%%

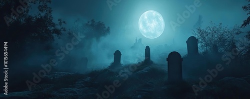Mysterious graveyard scene illuminated by a full moon, surrounded by fog and eerie silhouettes of gravestones.
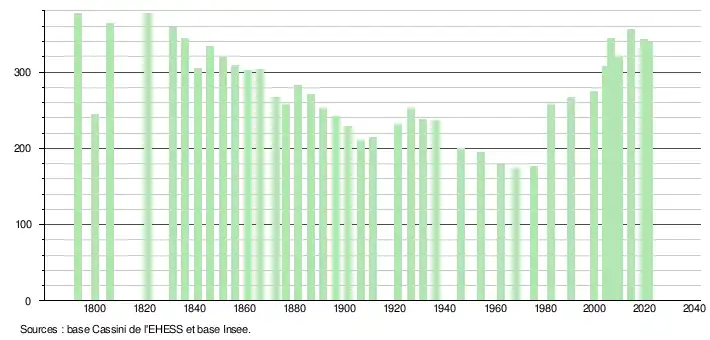 L'évolution du nombre d'habitants est connue à travers les recensements de la population effectués dans la commune depuis 1793. Pour les communes de moins de 10 000 habitants, une enquête de recensement portant sur toute la population est réalisée tous les cinq ans, les populations légales des années intermédiaires étant quant à elles estimées par interpolation ou extrapolation[29]. Pour la commune, le premier recensement exhaustif entrant dans le cadre du nouveau dispositif a été réalisé en 2004[30].
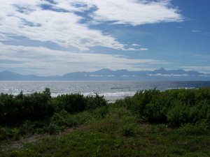 Due to a stuffy nose I didn’t do any diving over the weekend. While everyone else was underwater, I sat on the porch at our hotel and read a book. This is the view I had…the mountains are on the mainland.
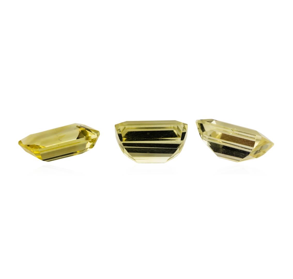 One natural emerald cut citrine quartz parcel of three with an exact weight of 21.68ctw., clarity is eye clean, slightly orangy yellow, medium light to light. Gemological Appraisals Services estimates the retail value at $650.4 GAS Appraised.
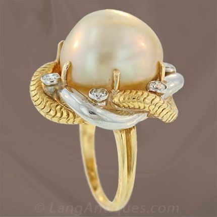 Lustrous 15 mm golden south sea pearl is the focus of this modern ring created by Tiffany & Company using intertwined platinum and 18K yellow gold interspersed with diamonds as a frame. The diamonds have a total weight of .50 carat (F-G color, VS clarity).
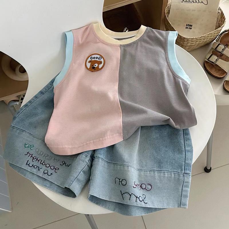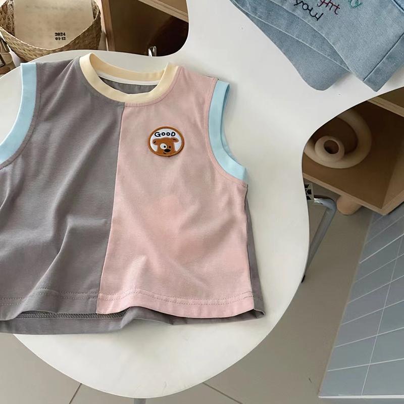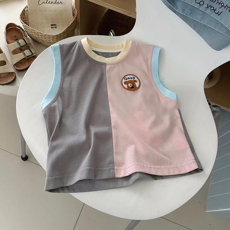 한국 아동복 아동 조끼 아기 24 여름 옷 소년 소녀 서양식 캐주얼 다목적 배색 민소매 티셔츠
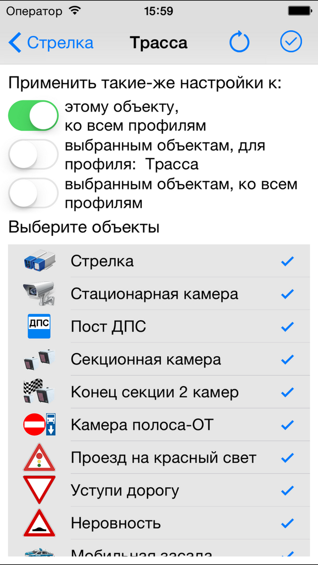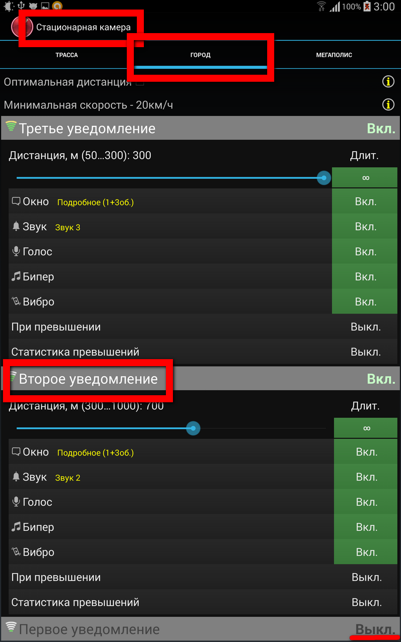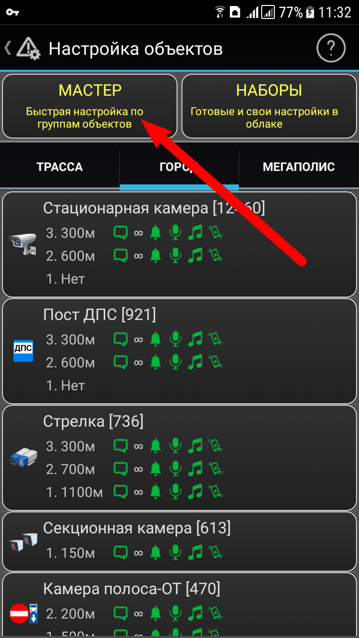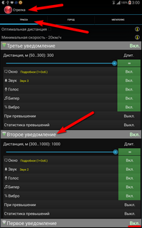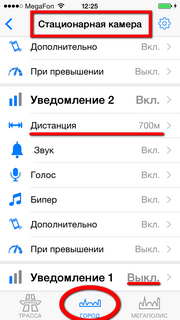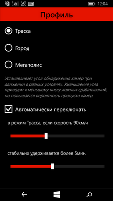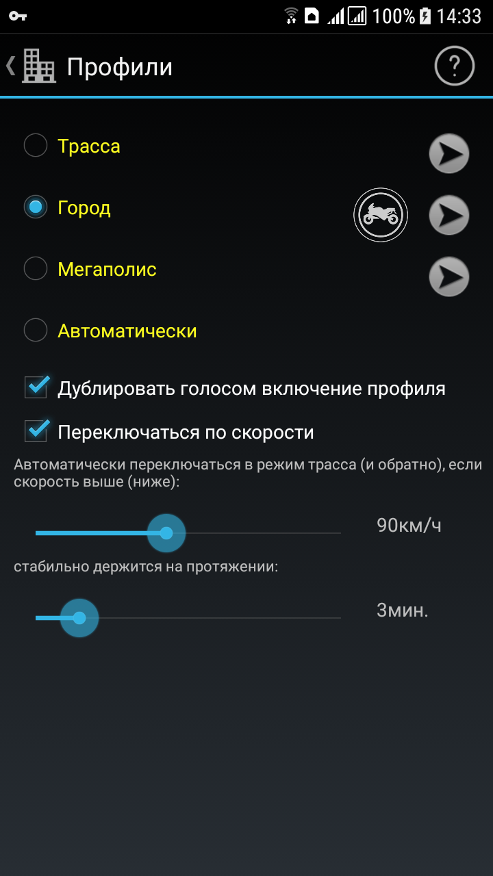 Профили трасса-город-мегаполисПрофили позволяют быстро переключать все настройки объектов вручную или автоматически при движении. Программа поддерживает три профиля: Трасса, Город/Мотоцикл, Мегаполис. Профиль Город можно легко перенастраивать под Мотоцикл. Также можно включить полностью автоматическое переключение профилей и переключение по скорости. "Авто" - сам определяет момент переключения в зависимости от плотности камер впереди. "По скорости" - доступен при выборе "Город" или "Мегаполис" и переключает в "Трасса" при удержании определенной скорости определенное время. Каждый из профилей имеет свой блок настроек уведомлений по объектам. Например для Стрелки можно настроить так: трасса - 1700м, город 1000м, а в режиме мегаполис отключить первое, и оставить только второе и третье уведомление. Трасса - Город и Мегаполис - просто аббревиатуры. Можно было с тем-же успехом назвать широкий-средний-узкий сектор обнаружения. Или вообше Профиль1-Профиль2-Профиль3. К реальным городу и трассе никакого отношения не имеет. Задает только ширину сектора и уменьшает дистанции до камер, чтобы уменьшать ложные срабатывания от камер на параллельных улицах. Однако, опытные пользователи могут использовать профили для переключения настроек под разные режимы движения по своему усмотрению. ![]() Выбор и автоматическое переключениеЕсть полностью автоматическое переключение профилей и автопереключение по скорости. Окна выбора стартового профиля и настройки показаны на скриншотах.
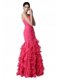 Mermaid Sweetheart Beading Ruffles Coral Red  Prom Dress
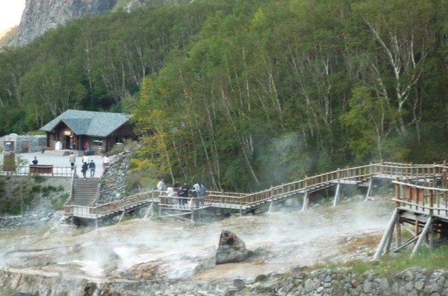 著名的長(zhǎng)白溫泉,距瀑布北約一公里處,面積1000多平方米,30多個(gè)泉眼終年蒸氣彌漫,散發(fā)著熱氣,水溫高達(dá)82℃。因泉水中含有較多的硫氣氫氣體,溫泉底部常有許多氣泡向上翻滾,并發(fā)出開鍋似的響聲,泉水流出后在泉邊形成黃色的硫華。
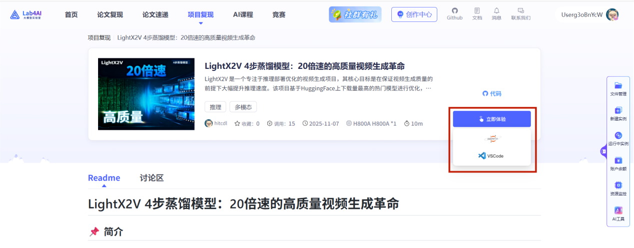 更重要的是,在 LightX2V 背后,Lab4AI 不只是提供“一键复现”的实验环境,Lab4AI 不只是提供“一键复现”的实验环境,还在做一件更重要的事:把这些前沿能力打包成真正「可用、可学、可复用」的技术资产。
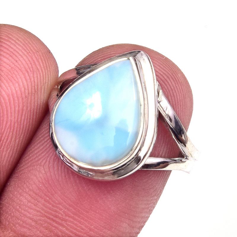 Natural Republic Larimar Gemstone 925 Solid Sterling Silver Gift Ring S.7 j9b30
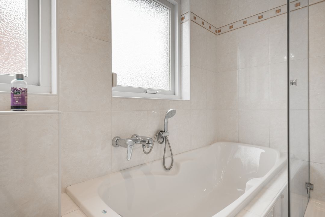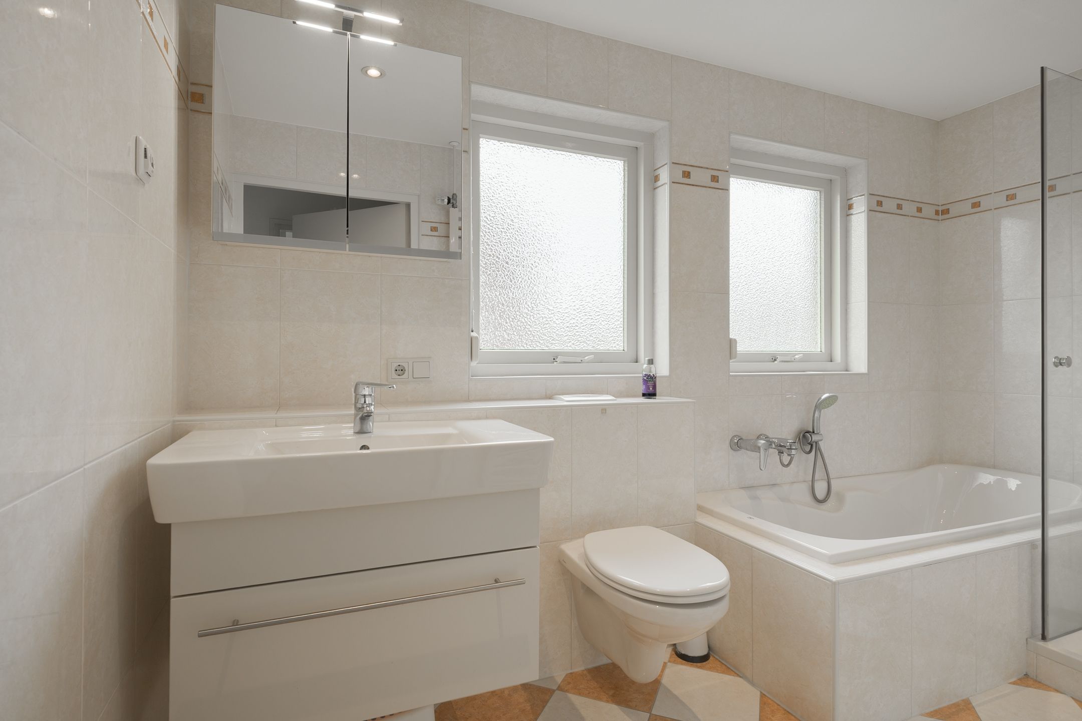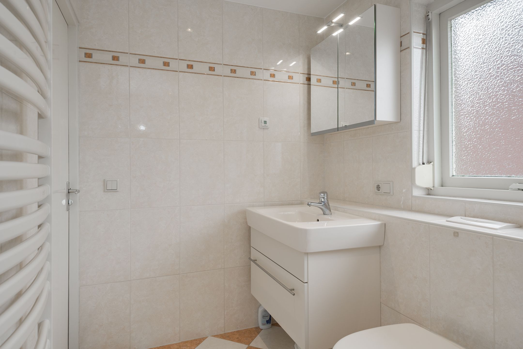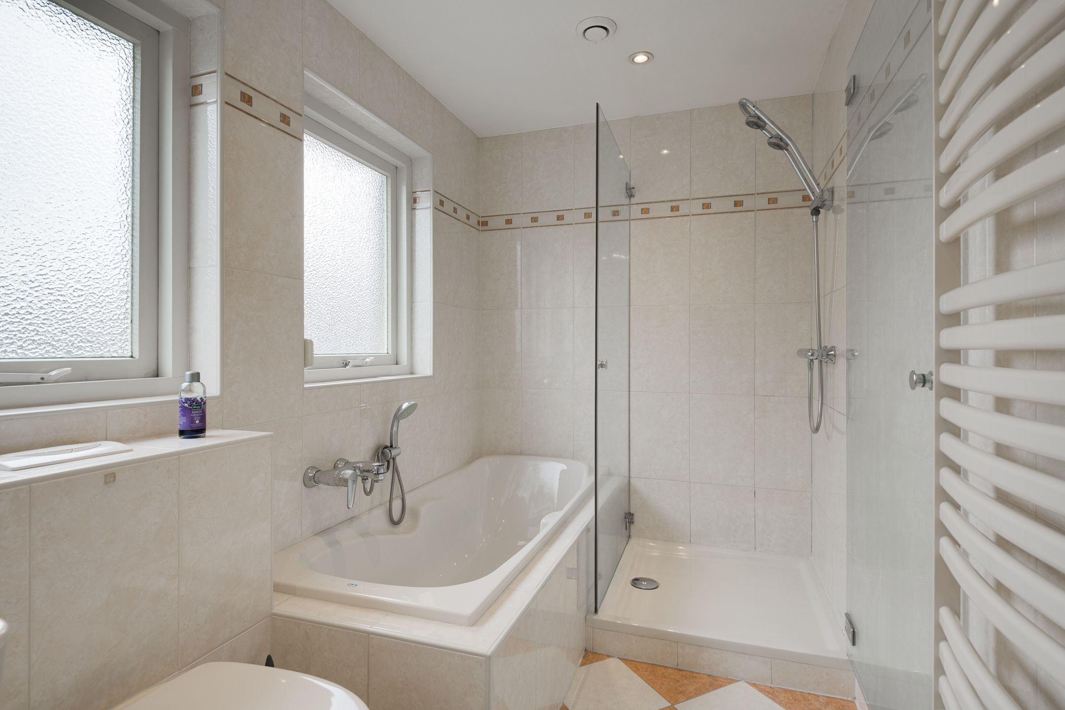 De badkamer is smaakvol ingericht met lichte tegels en voorzien van een ligbad, separate douche, toilet en wastafelmeubel. De klapramen zorgen voor prettige natuurlijke ventilatie en lichtinval. De badkamer is functioneel en biedt alle comfort dat u nodig heeft. Een luxe detail is – naast de designradiator – de extra elektrische vloerverwarming, die zorgt voor warme voeten tijdens frisse ochtenden en avonden.

%%

Leave the pictures out and restate the listing word for word.

● Output below:
Mysterious graveyard scene illuminated by a full moon, surrounded by fog and eerie silhouettes of gravestones.
 L'évolution du nombre d'habitants est connue à travers les recensements de la population effectués dans la commune depuis 1793. Pour les communes de moins de 10 000 habitants, une enquête de recensement portant sur toute la population est réalisée tous les cinq ans, les populations légales des années intermédiaires étant quant à elles estimées par interpolation ou extrapolation[29]. Pour la commune, le premier recensement exhaustif entrant dans le cadre du nouveau dispositif a été réalisé en 2004[30].
 Due to a stuffy nose I didn’t do any diving over the weekend. While everyone else was underwater, I sat on the porch at our hotel and read a book. This is the view I had…the mountains are on the mainland.
 One natural emerald cut citrine quartz parcel of three with an exact weight of 21.68ctw., clarity is eye clean, slightly orangy yellow, medium light to light. Gemological Appraisals Services estimates the retail value at $650.4 GAS Appraised.
 Lustrous 15 mm golden south sea pearl is the focus of this modern ring created by Tiffany & Company using intertwined platinum and 18K yellow gold interspersed with diamonds as a frame. The diamonds have a total weight of .50 carat (F-G color, VS clarity).
 한국 아동복 아동 조끼 아기 24 여름 옷 소년 소녀 서양식 캐주얼 다목적 배색 민소매 티셔츠
 Профили трасса-город-мегаполисПрофили позволяют быстро переключать все настройки объектов вручную или автоматически при движении. Программа поддерживает три профиля: Трасса, Город/Мотоцикл, Мегаполис. Профиль Город можно легко перенастраивать под Мотоцикл. Также можно включить полностью автоматическое переключение профилей и переключение по скорости. "Авто" - сам определяет момент переключения в зависимости от плотности камер впереди. "По скорости" - доступен при выборе "Город" или "Мегаполис" и переключает в "Трасса" при удержании определенной скорости определенное время. Каждый из профилей имеет свой блок настроек уведомлений по объектам. Например для Стрелки можно настроить так: трасса - 1700м, город 1000м, а в режиме мегаполис отключить первое, и оставить только второе и третье уведомление. Трасса - Город и Мегаполис - просто аббревиатуры. Можно было с тем-же успехом назвать широкий-средний-узкий сектор обнаружения. Или вообше Профиль1-Профиль2-Профиль3. К реальным городу и трассе никакого отношения не имеет. Задает только ширину сектора и уменьшает дистанции до камер, чтобы уменьшать ложные срабатывания от камер на параллельных улицах. Однако, опытные пользователи могут использовать профили для переключения настроек под разные режимы движения по своему усмотрению. ![]() Выбор и автоматическое переключениеЕсть полностью автоматическое переключение профилей и автопереключение по скорости. Окна выбора стартового профиля и настройки показаны на скриншотах.
 Mermaid Sweetheart Beading Ruffles Coral Red  Prom Dress
 著名的長(zhǎng)白溫泉,距瀑布北約一公里處,面積1000多平方米,30多個(gè)泉眼終年蒸氣彌漫,散發(fā)著熱氣,水溫高達(dá)82℃。因泉水中含有較多的硫氣氫氣體,溫泉底部常有許多氣泡向上翻滾,并發(fā)出開鍋似的響聲,泉水流出后在泉邊形成黃色的硫華。
 更重要的是,在 LightX2V 背后,Lab4AI 不只是提供“一键复现”的实验环境,Lab4AI 不只是提供“一键复现”的实验环境,还在做一件更重要的事:把这些前沿能力打包成真正「可用、可学、可复用」的技术资产。
 Natural Republic Larimar Gemstone 925 Solid Sterling Silver Gift Ring S.7 j9b30
 De badkamer is smaakvol ingericht met lichte tegels en voorzien van een ligbad, separate douche, toilet en wastafelmeubel. De klapramen zorgen voor prettige natuurlijke ventilatie en lichtinval. De badkamer is functioneel en biedt alle comfort dat u nodig heeft. Een luxe detail is – naast de designradiator – de extra elektrische vloerverwarming, die zorgt voor warme voeten tijdens frisse ochtenden en avonden.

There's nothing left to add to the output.